Youth lead the way in a multi-generational climate strike

Protesters demanded climate action and expressed their thoughts through a variety of signs they brought to the strike.The protest was led by the Arizona Youth Climate Strike in Phoenix, Arizona on Sept. 20. 2019.

By Jill Ryan                           9/20/19

Hundreds marched to the Arizona Capitol Museum on a 97 degree day to demand new climate policies for a greener future. 

The Arizona Youth Climate Strike organized the event with one particular goal in mind: all people are to be protected from climate change. Claire Nelson and Aditi Narayanan, both 17, are co-leaders of the organization. Nelson said that while they’re striking in solidarity for climate action, they have specific demands to their state and city political leaders.

“We want cities across Arizona and the state to declare a climate emergency and come up with a climate action plan that focuses on making sure that nobody gets left behind in the transition to a green economy and environmentally friendly city and state,” Nelson said.

She and other activists at the rally said they are concerned that as the Earth gets warmer, those who can’t afford to be protected from extreme heat, will die. Their solution is to have all communities, in Arizona involved in the conversations about climate action policy. 

Guest speakers joined the Arizona Youth Climate Strike to continue the theme of conversation diversity. On an elevated stage outside the Capitol Museum, Laura Medina, a member of the Grand Traverse Band of Ottawa and Chippewa [Ojibwe] tribe, spoke about the indigeneous perspective on what “settlers” have done with their land and what they should be responsible for. After her speech, she said indigineous people have a right to be involved in the environmental conversation. 

“We are all on occupied territory, so anything that goes on, anyone who poisons a river, who poisons the sky, who poisons the dirt, who poisons the soil, they’re poisoning indigenous territory that was never relinquished. We never gave it away,” Medina said.

Another guest speaker, Sarra Tekola, is a part of many organizations, including the Environmental Justice Coalition of Phoenix, Sunrise Movement Phoenix and Black Lives Matter. She spoke about how minorities need to be included in the Democrat’s proposed Green New Deal. 

“It needs to be people-powered not party affiliated,” Tekola said. 

She said America has polluted more and has contributed more to climate change than most smaller, poorer countries.  

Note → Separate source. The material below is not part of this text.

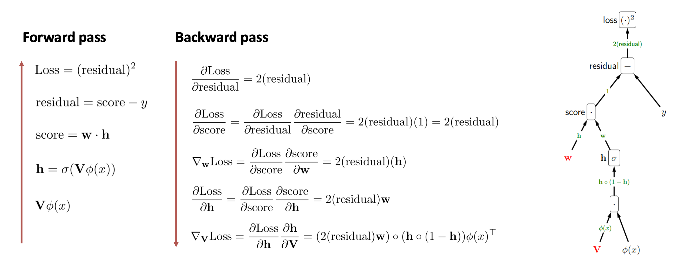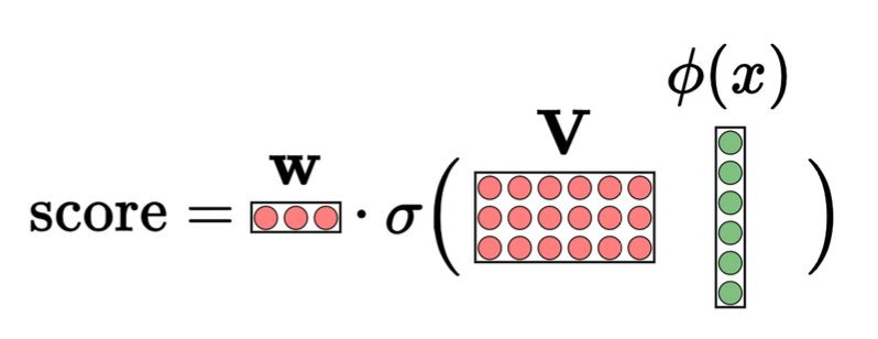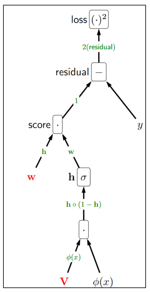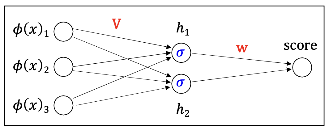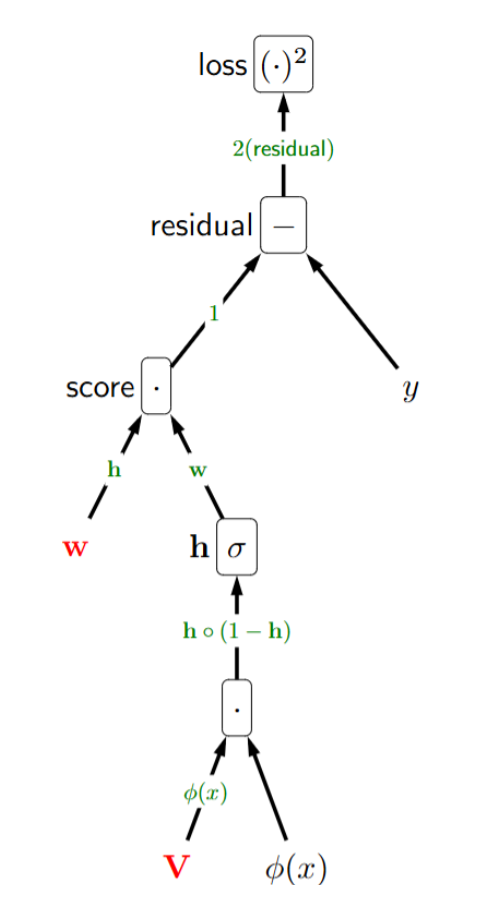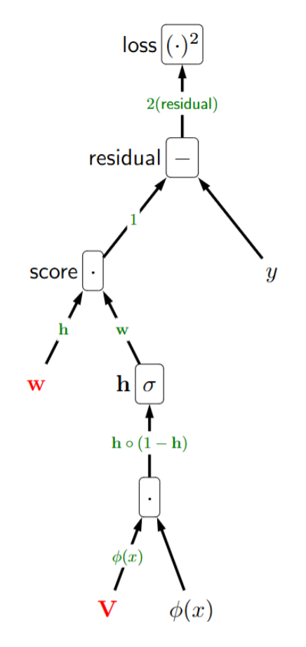 \[\mathbf{w} \;\leftarrow\; \mathbf{w} - \eta \, (2 \cdot \text{residual}) \, \mathbf{h}\] \[\mathbf{V} \;\leftarrow\; \mathbf{V} - \eta \, (2 \cdot \text{residual}) \, \mathbf{w} \circ \mathbf{h} \circ (1-\mathbf{h}) \, \varphi(x)^\top\]

“With privilege comes great responsibility. If we are disproportionately responsible for the climate crisis, we must disproportionately lead the charge for change,” Tekola said. 

Young people were not the only ones worrying about the future at the event. 

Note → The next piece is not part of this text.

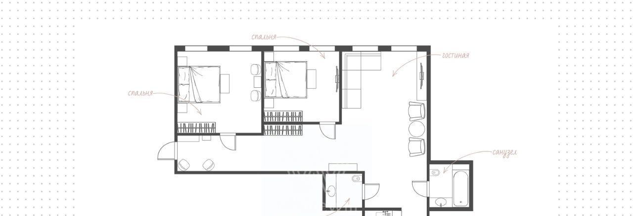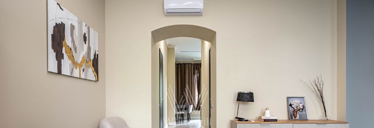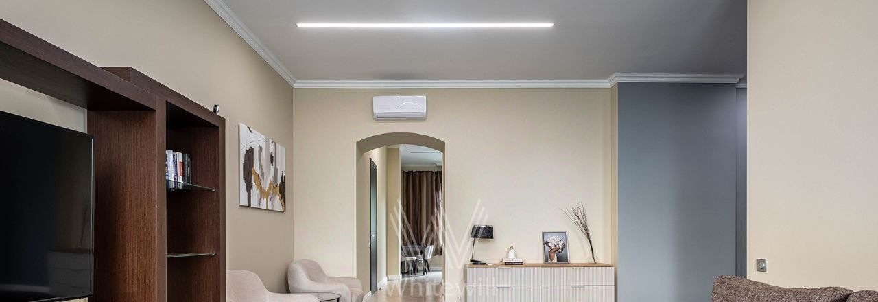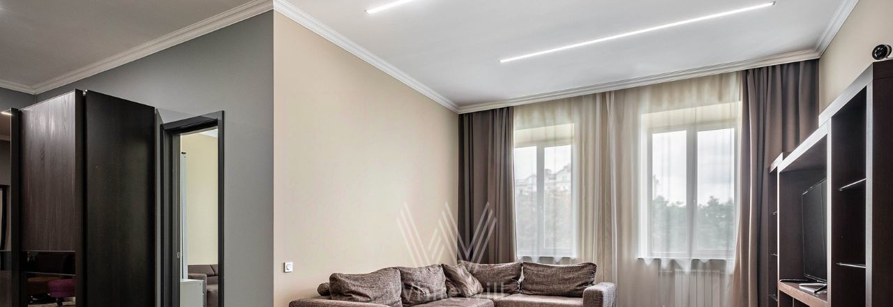 Спланирована просторная гостиная, кухня с обеденной зоной, 2 спальни, санузел с душевой, гостевой санузел, прихожая. Квартира полностью меблирована и оборудована бытовой техникой, установлены кондиционеры. Окна гостиной и спален выходят на улицу, окна кухни ориентированы в тихий двор. Предусмотрено машиноместо в закрытом дворе.

“I’m 78 years old I expect to live until 150 so I’m very concerned…[if] there will be something left for me to enjoy–in the form of nature,” John “Bluebird” Crossman said. 

Crossman came wearing a hat with a picture of Greta Thunberg fastened to the top. 

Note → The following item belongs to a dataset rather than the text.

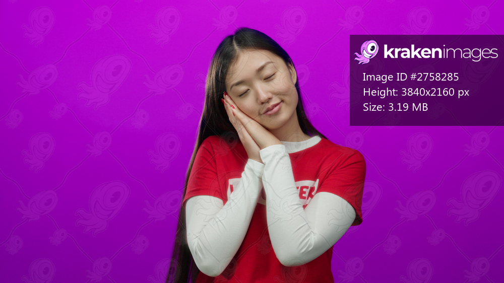 Woman volunteer in red shirt peacefully resting against vibrant pink isolated background with closed eyes exhibiting relaxation and contentment

“This is Greta Thunberg, she’s a very young girl who will probably receive the Nobel Peace Prize for her efforts to awaken the world to the need to protecting the Earth,” Crossman said. 

She is also the girl who inspired the international climate strikes–the Phoenix march was happening in solidarity with other protests going on around the world. 

Arabella Berkebile, 7, with her two friends Attison Easley and Hally Anderson, both 8. The three chanted “Stop denying the Earth is dying.”  Her mother, Melissa, says Arabella is a protest veteran; both of them protested at the 2017 Women’s March in Arizona. 

Arabella is holding up a sign that reads: “I’ll go to school when you start to listen to the educated.” Melissa said she allowed her to miss school that day so she could come to the protest.

“I think what we’re doing to the Earth is bad, and we should help it because all we’re doing is destroying it,” Arabella said. 

Another protester, 24-year-old Morgan Flander, wore a shirt that had a picture of the Earth on it and it read: HELP WANTED. She is the community engagement intern for “Keep Nature Wild,” a retail company that gives its profits to host cleanups in national parks, rivers, etc. She is concerned about the lack of action being done by policy-makers to address climate change. 

“There is no planet B, there is no plan B…we need to come together as a whole planet to work on it,” Flander said. 

The protest was on Friday, Sept. 20, 2019 from 2 p.m. and lasted until 5:45 p.m. The following Monday, the United Nations held a special Climate Action summit, which featured a speech by 16-year-old Greta Thunberg. 

She said to the world’s leaders:

“We are in the beginning of a mass extinction and all you can talk about is money and fairytales of eternal economic growth. How dare you.”